Furthermore, we investigated and predicted disease progression using the Cox proportional hazards regression analysis, controlled for the influence of clinicopathological features, indicating that patients with high-risk cancer were 2.33 times more likely to experience cancer progression than those with low-risk cancer (95% CI for the hazard ratio = 1.14–4.75; p = 0.020). However, similar results were not observed in OS (HR = 1.79, 95% CI = 0.80–4.02, p = 0.157) in univariate analysis. Patients with ENE demonstrated an increased risk of progression in both univariate (p = 0.030) and multivariate models (p = 0.045). Patients with higher histological grade and ENE demonstrated an increased mortality risk in both the univariate (p = 0.006 and p < 0.001) and multivariate models (p = 0.022 and p = 0.042, respectively). Patients with higher histological grade presented a higher risk of progression in the univariate model (p = 0.043), with no significant effects in the multivariate model (p = 0.079). Patients with PNI, larger tumor size, lymph node invasion, and pathological stage demonstrated an increased mortality risk in the univariate model, with no significant effects in the multivariate model. These results suggest that there exist interactions that interfere with these clinicopathological factors [38,39].

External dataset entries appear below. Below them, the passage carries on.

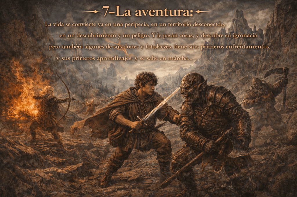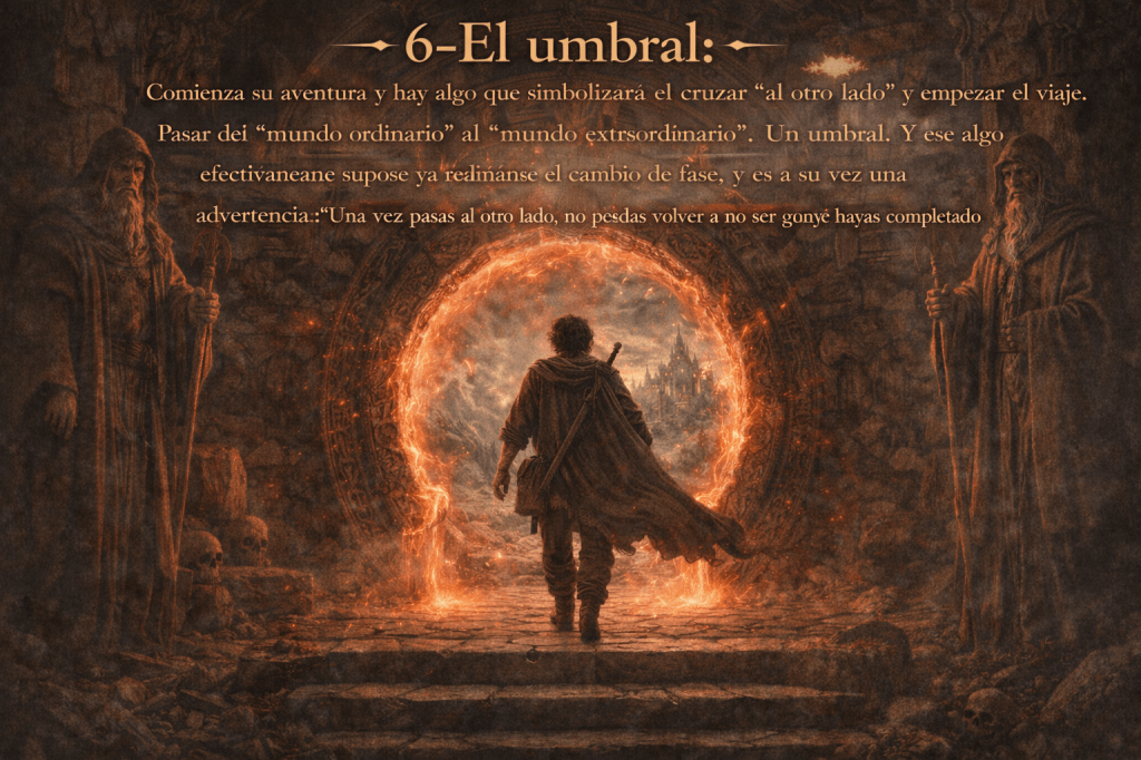 6. El Umbral. Un río, un puente o un guardián le dice al protagonista que, tras cruzar ese paso ya no podrá volver sin haber cumplido su misión.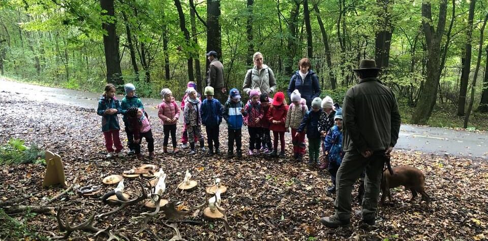 Začátkem října jsme se s nejstaršími dětmi opět vypravili vlakem do Haluzic, kde na děti čekala zajímavá beseda přímo v přírodě v haluzickém lese. Pan hajný z Lovčické hájovny dětem krásně přiblížil život v lese, jaká zvířata tu můžeme potkat, jaké rostliny zde rostou. Pro zpestření vyprávění si pro děti připravil i několik vycpaných zvířat, vyčiněných kůží a trofeje z vysoké zvěře. Pro děti byla zážitkem samotná cesta vlakem i velmi zdařilý výklad pana Hajného.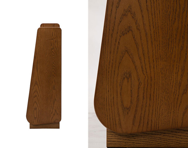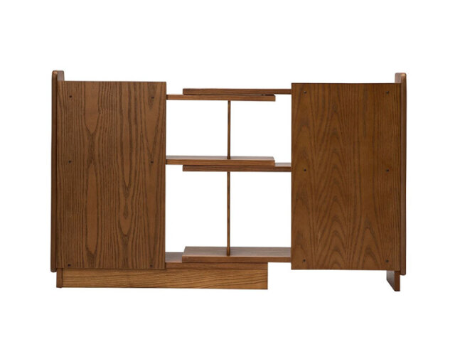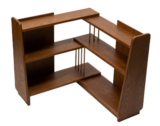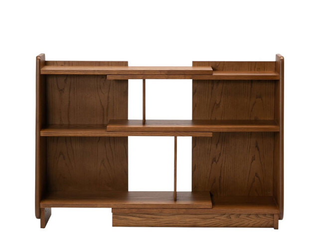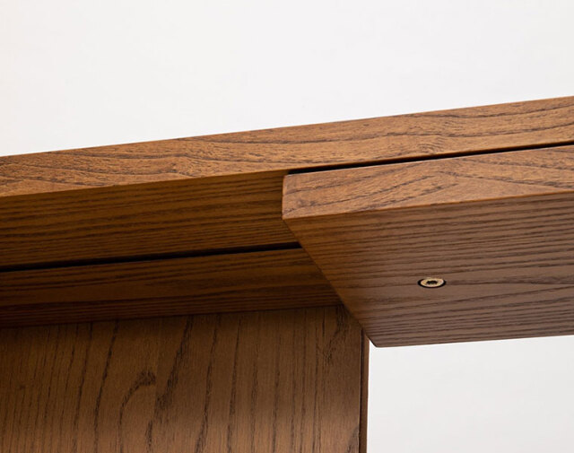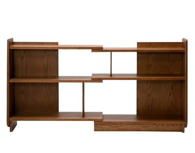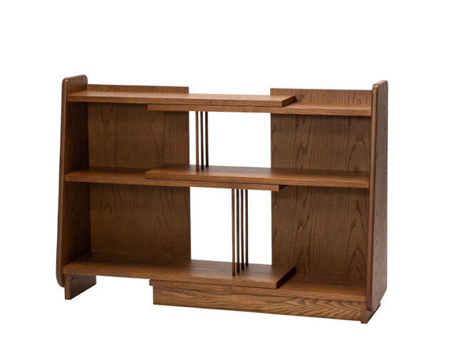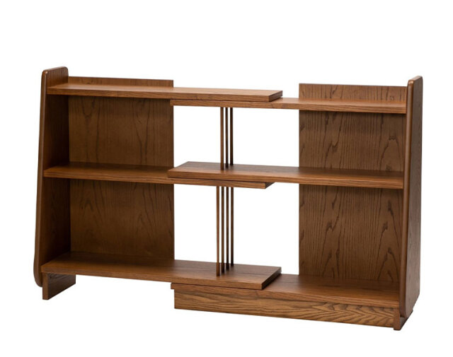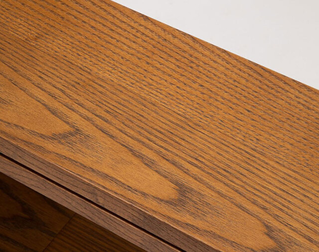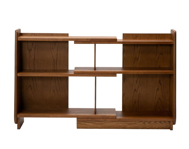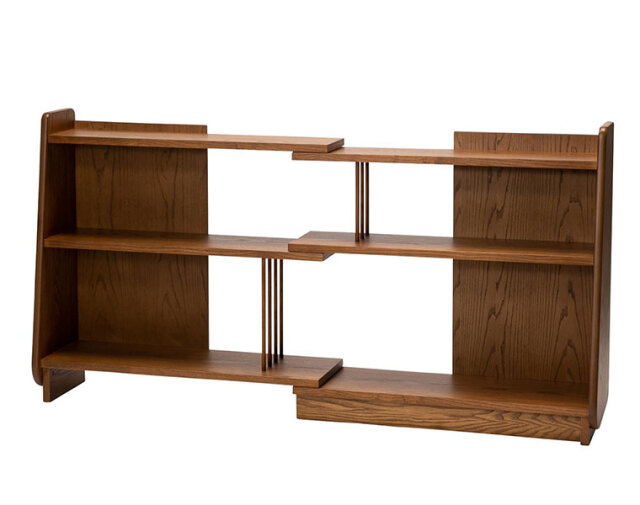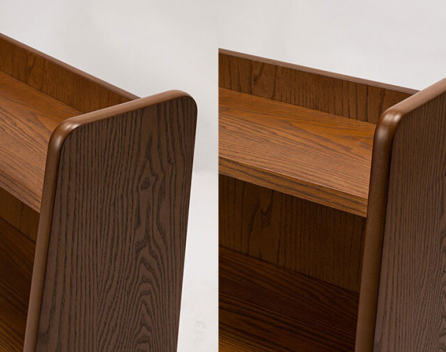 丸みを持たせたサイドパネルと、「仕切り」「上下加重を支える支柱」の2つの役割を担う丸棒の配列が柔らかい印象を与えます。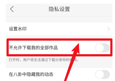 3、将【不允许下载我的全部作品】后面的开关开启即可。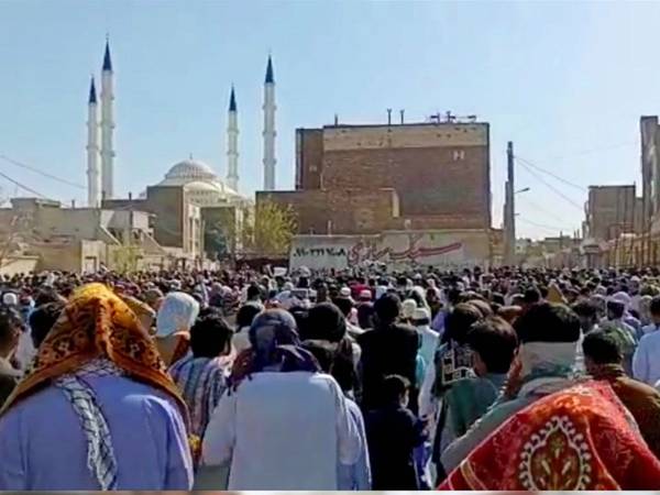 "We swear on our comrades' blood to stand strong until the end," hundreds of demonstrators were seen chanting in a video from the flashpoint city. Another widely-circulated video showed security forces beating and arresting a Baluch man trying to enter the Makki Mosque.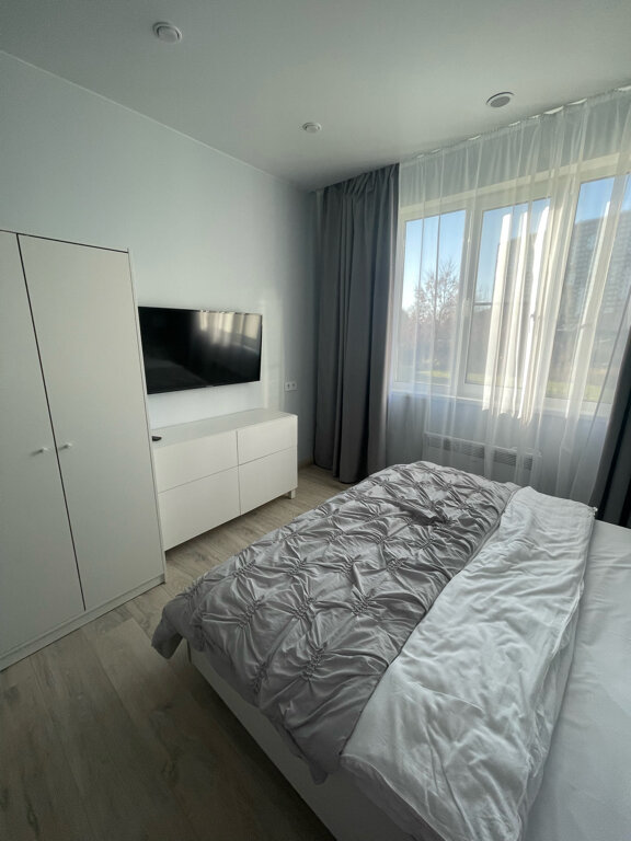 Комната площадью 18 м2 с двуспальной кроватью и шкафом, санузлом с душевой, феном, туалетными принадлежностями и полотенцами. В каждой комнате есть Smart TV, WiFi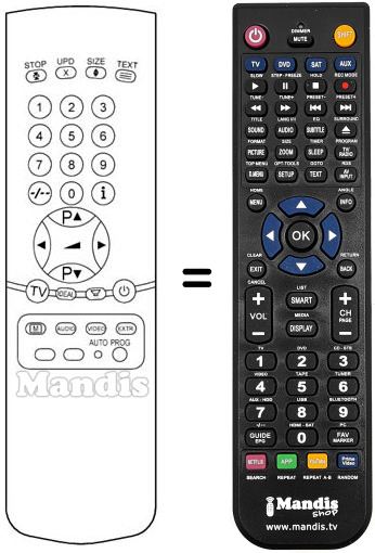 Fernbedienung, die das Original und die Gesamtheit seiner Funktionen, vollständig ersetzt. Es handelt sich jedoch nicht um eine Universalfernbedienung sondern um eine Fernbedienung die das Original ersetzt. Sie erhalten eine nach Einlegen der Batterien sofort einsatzbereite Fernbedienung. Jegliches Programmieren entfällt. Wir geben umfassende Garantie dafür, dass diese Fernbedienung alle Funktionen der Originalfernbedienung erfüllt.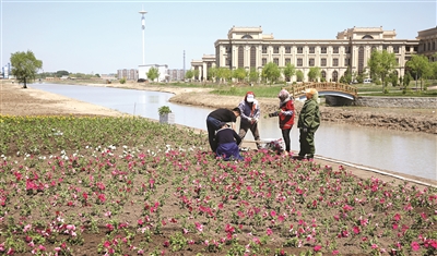 6月12日,园林工人正在移栽鲜花。今年以来,镇赉县围绕“南湖国家城市湿地公园”建设,精心打造一湖碧水、两岸秀色的生态新城区,为市民提供了一个观光娱乐的休闲场所。 本报记者李晓明摄

The EGFR and CDK6 were found significantly associated with the overall survival in 5th protein staining cluster (including EGFR_mem, CDK6_nu, and PIM1_cy), which could identify 100% (36 of 36) progressed subjects and 96.2% (25 of 26) dead subjects in high-risk strata. However, the results were attributed to the extremely imbalanced dichotomous results between high-risk (101 subjects) and low-risk (1 subject) strata. The results indicate the EGFR and CDK6 might obtain a good sensitivity to detect high-risk patients, but the low specificity to survival outcome estimation leads to the omission of EGFR and CDK6 in current study. Thence, further research to further investigate the interaction between EGFR, CDK6, and others factors using machine learning approaches such as evolutionary and optimization algorithm is necessary to identify the high-risk subjects more accurately.

Besides, our study raised an interesting issue of localization of IHC staining. In previous studies of ovarian cancer, different localizations of thyroid hormone receptors and αvβ3 integrin demonstrated different nuclear and non-nuclear signaling pathway for cancerogenesis [40,41]. The translocation of transmembrane proteins from the cell membrane to the nucleus may be another crucial mechanism [42]. In oral and oropharyngeal cancer, different membrane and cytoplasmic CD44 expressions also determined distinct clinical outcomes [43]. In head and neck cancer, translocalization of ING3 affected tumorigenesis and cancer progression [44]. However, overall mortality and disease progression appeared unaffected by different localizations of 11 proteins in our study.

5. Conclusions

Here, we developed a new statistical approach using hierarchical clustering. By combining predictive IHC biomarkers, we newly defined OCPRS to predict PFS outcomes for oral cancer. OCPRS is clinically available and easily measurable for the staining of surgical specimens. High-risk OCPRS with evaluation of cytoplasmic PLK1, PhosphoMet, and SGK2 staining is useful for the stratification of clinical outcomes. Therefore, OCPRS may be used as a promising biomarker for predicting progression outcomes and stratifying risk groups for oral cancer.